Given these entries, repeat exactly the lines starting with the one that has "今天给大家带来的是《热血江湖" and going on through the one that has "함께 사는 가족·룸메이트와", both included, but none of the pictures.

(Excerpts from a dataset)
%%
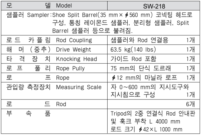 이 시험기는 Split Barrel Sample을 지반에 관입 그 저항치를 측정 하며 동시에 토질 분류 및 실내 시험을 위한 시료를 채취하는데 쓰이는 기기이다. <관련규격:KS F 2318>
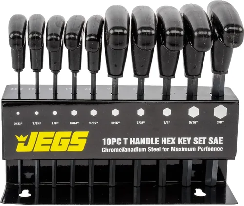 JEGS Juego de llaves hexagonales con mango en T de 10 piezas | SAE | Longitud del eje de 3 3/4 pulgadas | Empuñaduras de plástico con ejes de acero
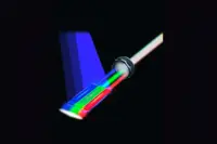 But now scientists say they've overcome that problem. The heart of the new device is a sheet, nanometers thick, made of a semiconducting alloy of zinc, cadmium, sulphur, and selenium. The sheet is divided into three segments. When excited with a pulse of light, the segments rich in cadmium and selenium gave off red light; those rich in cadmium and sulphur emitted green light; and those rich in zinc and sulphur glowed blue.
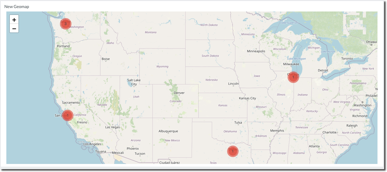 Use the Geomap widget to display a rollup of incident counts by geographic location. Similar to other widgets, the Geomap widget can be scoped by instance (tag, group, or name) and by metric type. Geographic location data is entered on an instance’s Details tab in the Instance Location field.
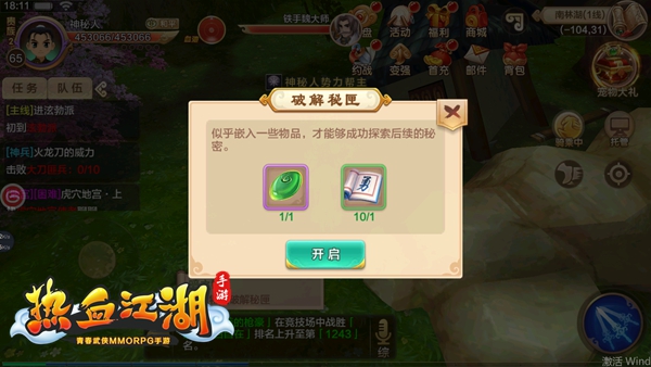 今天给大家带来的是《热血江湖手游》寻宝中狱火龙枪的寻找流程。首先,玩家需要在泫勃派NPC韦大宝处,通过江湖密探购买到狱火龙枪的线索碎片,数量足够后即可开启寻宝任务。
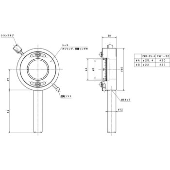 ・偏光子ホルダは、偏光フィルタや波長板などの光学素子を固定し、α角度の調整ができる1軸調整ホルダです。
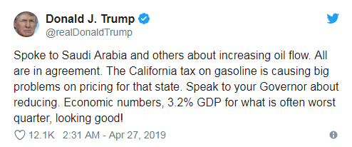 “(我)与沙特阿拉伯和其他国家讨论了增加石油产出的问题。大家都同意,”特朗普在推特上写道。
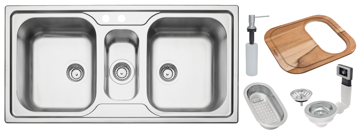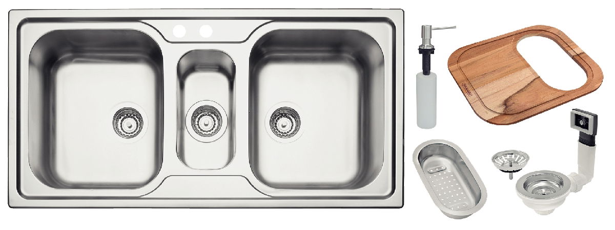 Cuba de Sobrepor Tramontina Marea 2.5C 34 em Aço Inox com Acabamento Acetinado 100 x 50 cm e com acessórios Válvula, Dosador, Tábua e Cesto
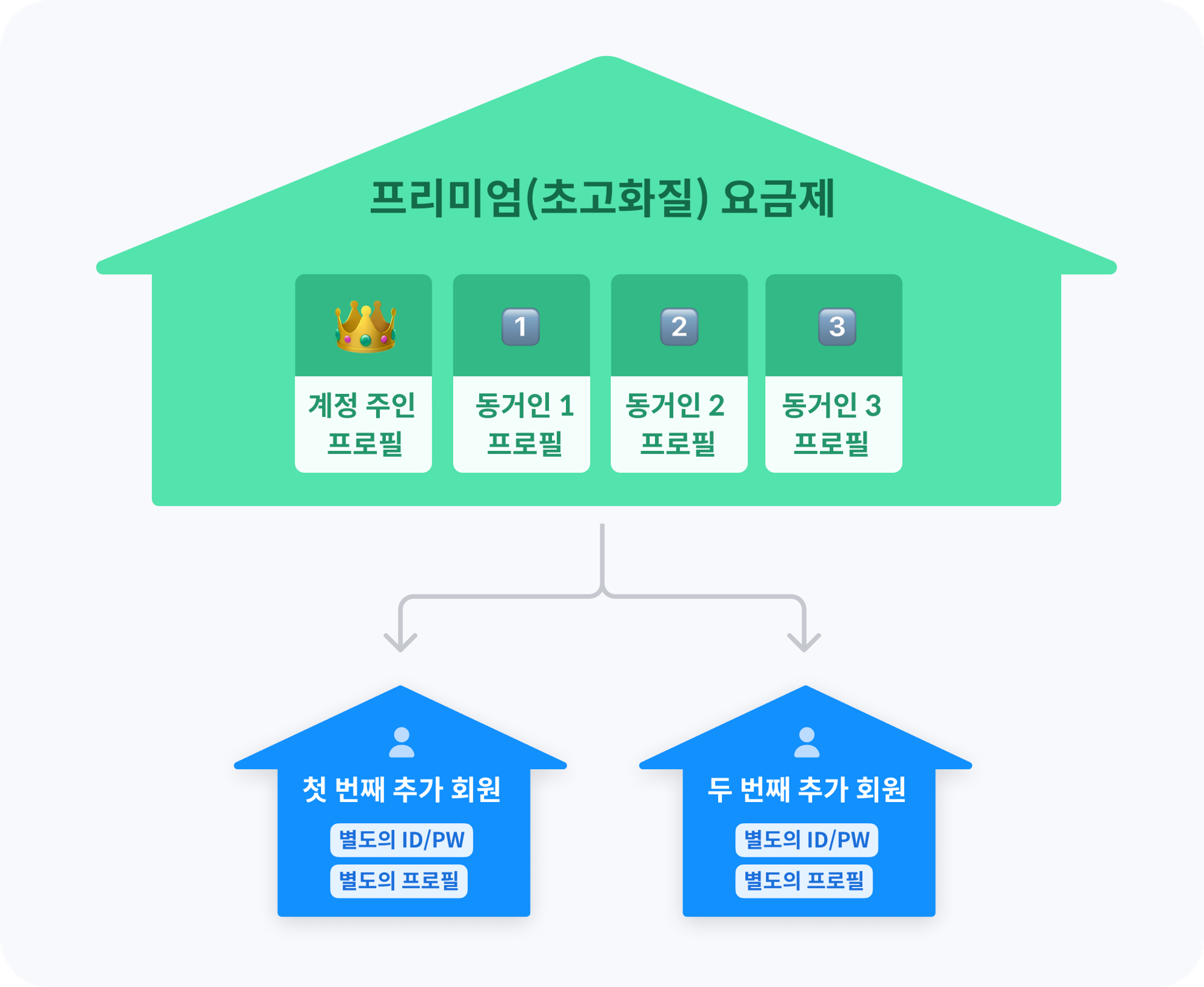 함께 사는 가족·룸메이트와 프리미엄 요금제를 사용하고 계신다면 피클플러스에 파티장으로 등록해 기존 프로필을 그대로 사용하면서 매달 7,510원씩 절약할 수 있어요.
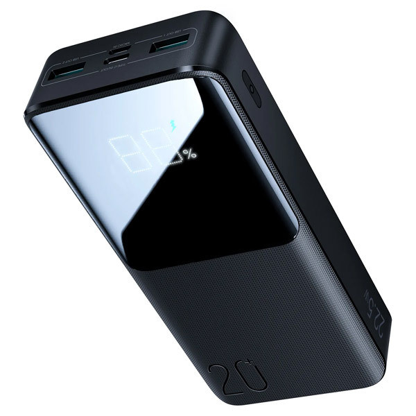 پاوربانک 20000 جویروم Joyroom JR-QP192 Power Bank 20000mAh توان 22.5 وات همراه داشتن پاوربانک امروزه به امری واجب تبدیل شده است اگر بخواهید با گوشی خود مدت زمان زیادی کار کنید.اگر شما قصد خرید یک پاوربانک را دارید حتما باید از قبل نیاز خود را شناسایی کرده باشید تا در انتخاب آن به مشکل بر نخورید. پاوربانک جویروم JR-QP192 با پورتهای مختلفی که دارد، امکانات خوبی را برای کاربران فراهم کرده که در ادامه به نقدی و بررسی آن خواهیم پرداخت. مشخصات پاوربانک Joyroom JR-QP192 پاوربانک جویروم JR-QP192 از جنس پلاستیک ABS و پلاستیک ضد حریق PC ساخته شده است که مقاومت بالای دارد. این پاوربانک دارای ابعاد 150x69x41 میلی متر بوده و وزنی حدود 500 گرم دارد. بر روی پاوربانک Joyroom JR-QP192 یک نمایشگر LED تعبیه شده که به شما میزان شارژ و اتصال را نشان می دهد. در قسمت بالای این محصول درگاه های پاوربانک Joyroom JR-QP192 وجود داشته که 2 درگاه ورودی (Type C ,Micro) و 3 درگاه خروجی (Type C ,USB1 ,USB2) می باشند؛ قابل ذکر است درگاه تایپ سی (Type C) درگاه مشترک بوده که هم قابلیت ورودی داشته و هم قابلیت خروجی دارد. به این معنی که می توانید پاوربانک را از طریق درگاه تایپ سی شارژ کرد و یا از درگاه تایپ سی برای شارژ دستگاه های خود استفاده کنید. در قسمت کناری این پاور بانک نیز دکمهی پاور برای روشن خاموش کردن دستگاه تعبیه شده است. ظرفیت اسمی این پاوربانک، معادل 20000mAh است؛ ولی باید توجه داشته باشید که متناسب با ولتاژ گوشی شما این ظرفیت تغییر خواهد کرد. برای مثال بازدهی باتری این پاوربانک، برابر با 12000mAh در ولتاژ 5 ولت (5V/3A) می باشد. تکنولوژی شارژ سریع QC و PD پاوربانک جویروم JR-QP192 از تکنولوژی شارژ سریع PD3.0 QC3.0, AFC, FCP, SCP, PE پشتیبانی می کند؛ و شما می توانید با استفاده از این درگاه ها دستگاه های (یک یا چند دستگاه) خود را با سرعت بالا شارژ کنید. باید توجه داشته باشید که در هنگام شارژ همزمان چندین دستگاه توان خروجی این پاوربانک بین پورت ها تقسیم خواهد شد. برای شارژ سریع نیاز است که دستگاه شما از این تکنولوژی پشتیبانی کند.
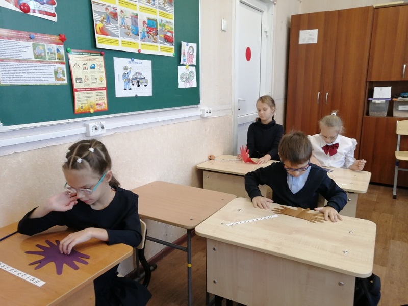 Важным моментов в работе со слабовидящими детьми является не только наличие аудиоматериала, но и осязательные элементы, поэтому в заключение мероприятия детям было предложено сделать открытки для своих пап в технике аппликация. Школьники справились с творческой работой и приятно удивили своим мастерством родителей и педагогов.
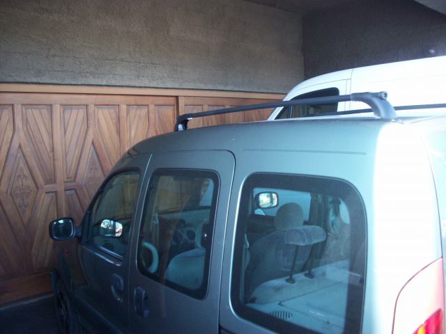 Barras portaequipajes Kangoo de colocación longitudinal sobre las fijaciones provistas de fabrica.
%%
RESPONSE BELOW:
 今天给大家带来的是《热血江湖手游》寻宝中狱火龙枪的寻找流程。首先,玩家需要在泫勃派NPC韦大宝处,通过江湖密探购买到狱火龙枪的线索碎片,数量足够后即可开启寻宝任务。
 ・偏光子ホルダは、偏光フィルタや波長板などの光学素子を固定し、α角度の調整ができる1軸調整ホルダです。
 “(我)与沙特阿拉伯和其他国家讨论了增加石油产出的问题。大家都同意,”特朗普在推特上写道。
 Cuba de Sobrepor Tramontina Marea 2.5C 34 em Aço Inox com Acabamento Acetinado 100 x 50 cm e com acessórios Válvula, Dosador, Tábua e Cesto
 함께 사는 가족·룸메이트와 프리미엄 요금제를 사용하고 계신다면 피클플러스에 파티장으로 등록해 기존 프로필을 그대로 사용하면서 매달 7,510원씩 절약할 수 있어요.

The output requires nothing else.